Pharmaceutical Technology
Volume 35, Issue 2, pp. 52-56


(CRISTINA PEDRAZZINI/GETTY IMAGES)
How robust is the pipeline of the pharmaceutical majors? That is the crucial question not only for the pharmaceutical majors but also for emerging pharmaceuticals that rely on licensing or product acquisition by the large pharmaceutical companies to fund their development efforts.

The numbers

The well-chronicled problem of a lack of strong recent product innovation, combined with greater incursion of generic drugs, paints a pessimistic outlook for prescription-drug sales by the pharmaceutical majors. A recent analysis by the market-research firm Datamonitor estimates that growth will slow to 1.3% to 2015 for the branded prescription pharmaceutical industry's leading companies. In contrast, between 2003 and 2009, these same companies had sales growth at a compound annual growth rate (CAGR) of 7.1%. Sharp declines in branded sales following the loss of patent exclusivity will drive the decline in growth.


Patricia Van Arnum
"The difficulty in developing new products, particularly those that can generate sufficient sales to compensate for blockbuster expiries, has compounded this problem," said Simon King, pharmaceutical company analyst at the market research firm Datamonitor, in a Jan. 20, 2011, press release. "This has driven a steady shift away from blockbuster-centric growth strategies toward diversification into other areas of the market." Datamonitor predicts that those companies insulated from generic competition or those able to offset generic-drug incursion from revenue growth sourced from a high biologics focus or the targeting of niche indications and areas of high unmet need will be the best performers."

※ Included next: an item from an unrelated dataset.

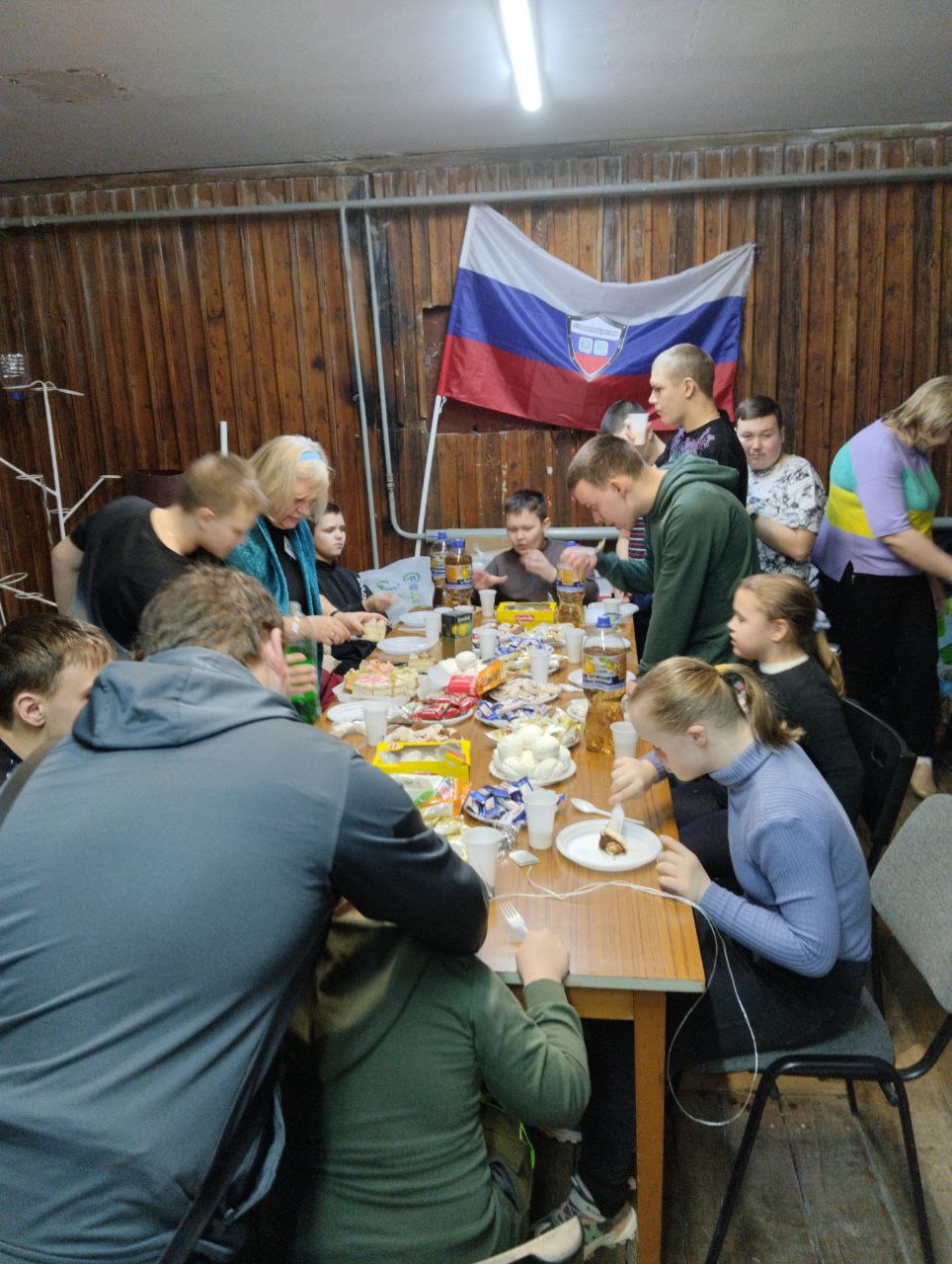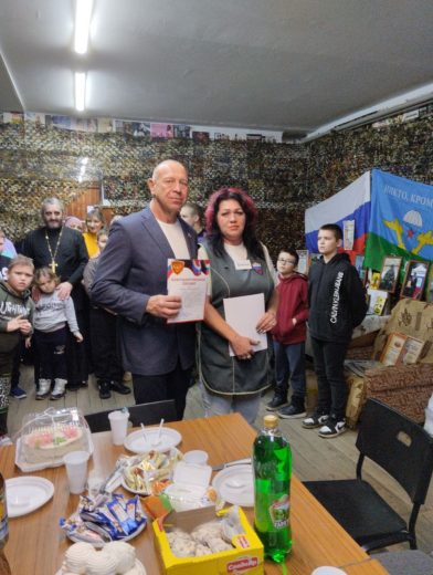 Администраторы организации «Своих не бросаем» вместе с директором МКУ ДО «ДЮСШ № 3», депутатом фракции «Единая Россия» Сергеем Кудиновым и его супругой Натальей Кудиновой, иереем Виталием Хлустиковым, главным редактором газеты «Заря. Ефремов» Анной Байрамовой, волонтерами организовали праздник для детей ДЮШ № 3 группы АФК и ребят из реабилитационного центра для несовершеннолетних «Юность».

Datamonitor projects that Bayer, Novartis, Roche, and GlaxoSmithKline will be the only Big Pharma companies generating above average growth through the period to 2015. Of 43 branded companies examined in detail by Datamonitor, 11 are expected to report negative sales CAGR during the period to 2015. Of those expected to deliver positive sales CAGR, only six will exceed the 7.1% average shown between 2003 and 2009.